Top of Exercise input

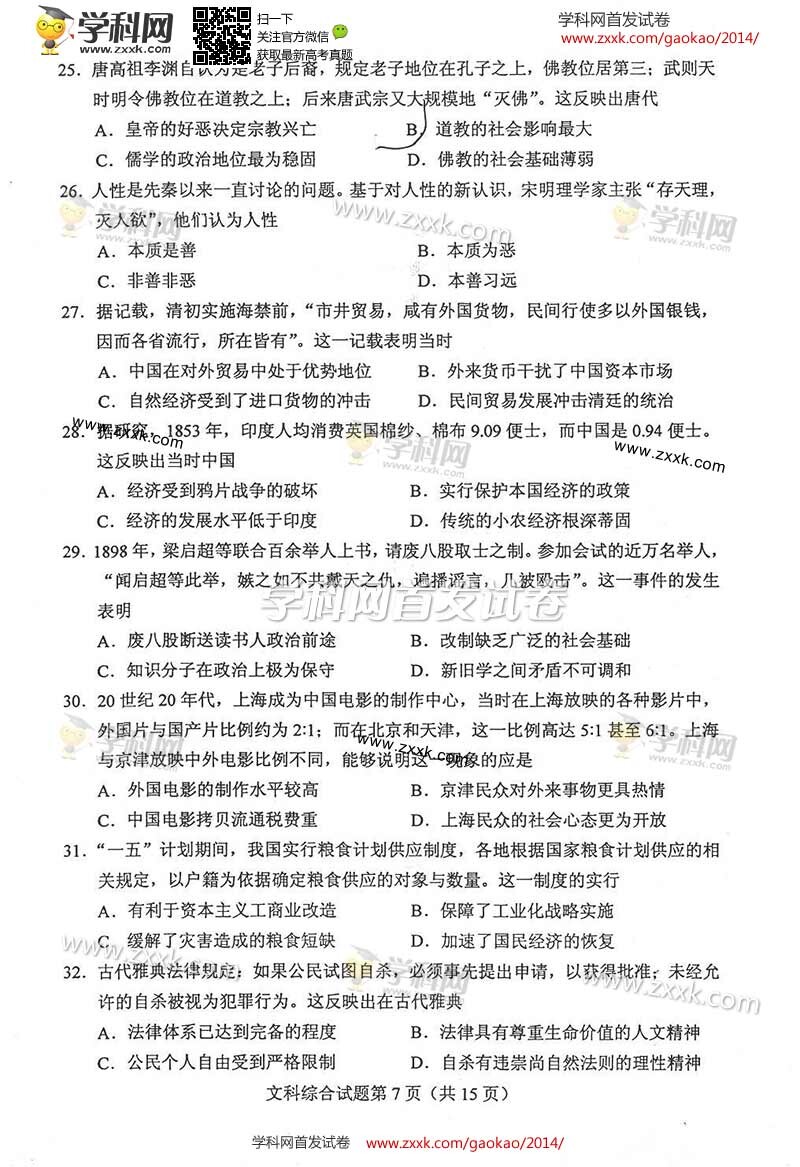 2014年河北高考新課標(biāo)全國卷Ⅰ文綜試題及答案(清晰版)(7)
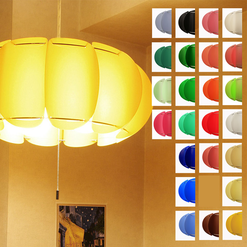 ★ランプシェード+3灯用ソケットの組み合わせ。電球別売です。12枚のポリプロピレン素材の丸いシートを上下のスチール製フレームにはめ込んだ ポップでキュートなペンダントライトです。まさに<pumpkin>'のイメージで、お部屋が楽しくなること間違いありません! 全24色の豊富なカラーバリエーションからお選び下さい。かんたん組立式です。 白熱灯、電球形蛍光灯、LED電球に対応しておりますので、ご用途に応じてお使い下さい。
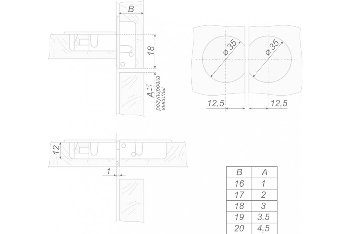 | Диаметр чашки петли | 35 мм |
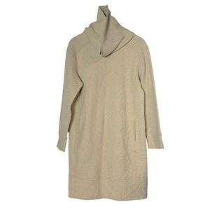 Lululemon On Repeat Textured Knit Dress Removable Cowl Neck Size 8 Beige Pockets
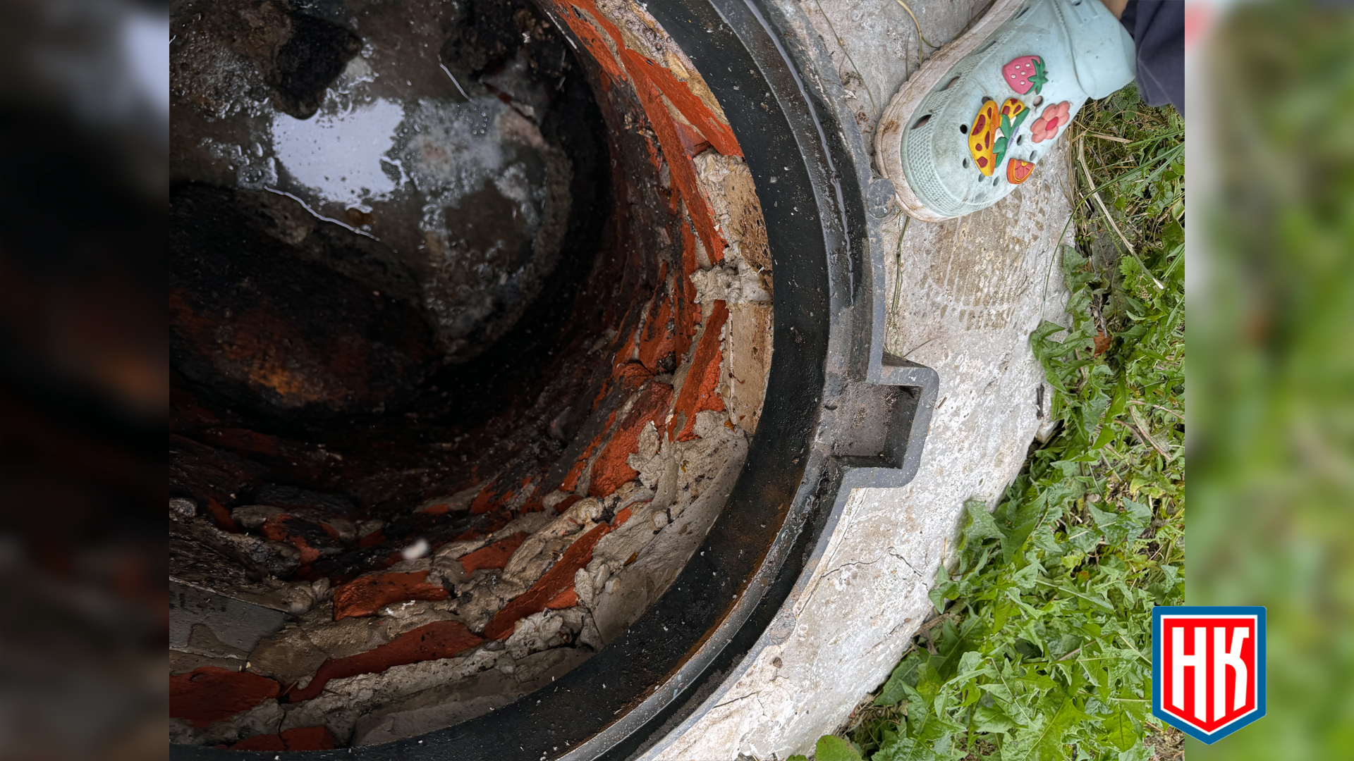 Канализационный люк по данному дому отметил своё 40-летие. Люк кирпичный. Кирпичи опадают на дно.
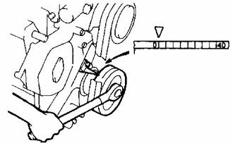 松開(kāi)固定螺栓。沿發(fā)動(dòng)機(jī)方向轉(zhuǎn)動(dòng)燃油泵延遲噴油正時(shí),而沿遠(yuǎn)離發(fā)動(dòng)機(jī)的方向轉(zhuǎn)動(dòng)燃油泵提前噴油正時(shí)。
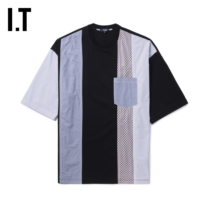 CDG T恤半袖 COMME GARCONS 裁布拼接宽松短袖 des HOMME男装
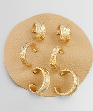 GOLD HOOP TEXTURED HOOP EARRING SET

Bottom of Exercise input

▸ Problem description: The answer consists solely of the lines from the one holding "松開(kāi)固定螺栓。沿發" through the last line of the entries above, set down verbatim, without any pictures.

▸ Solution for this problem:
 松開(kāi)固定螺栓。沿發(fā)動(dòng)機(jī)方向轉(zhuǎn)動(dòng)燃油泵延遲噴油正時(shí),而沿遠(yuǎn)離發(fā)動(dòng)機(jī)的方向轉(zhuǎn)動(dòng)燃油泵提前噴油正時(shí)。
 CDG T恤半袖 COMME GARCONS 裁布拼接宽松短袖 des HOMME男装
 GOLD HOOP TEXTURED HOOP EARRING SET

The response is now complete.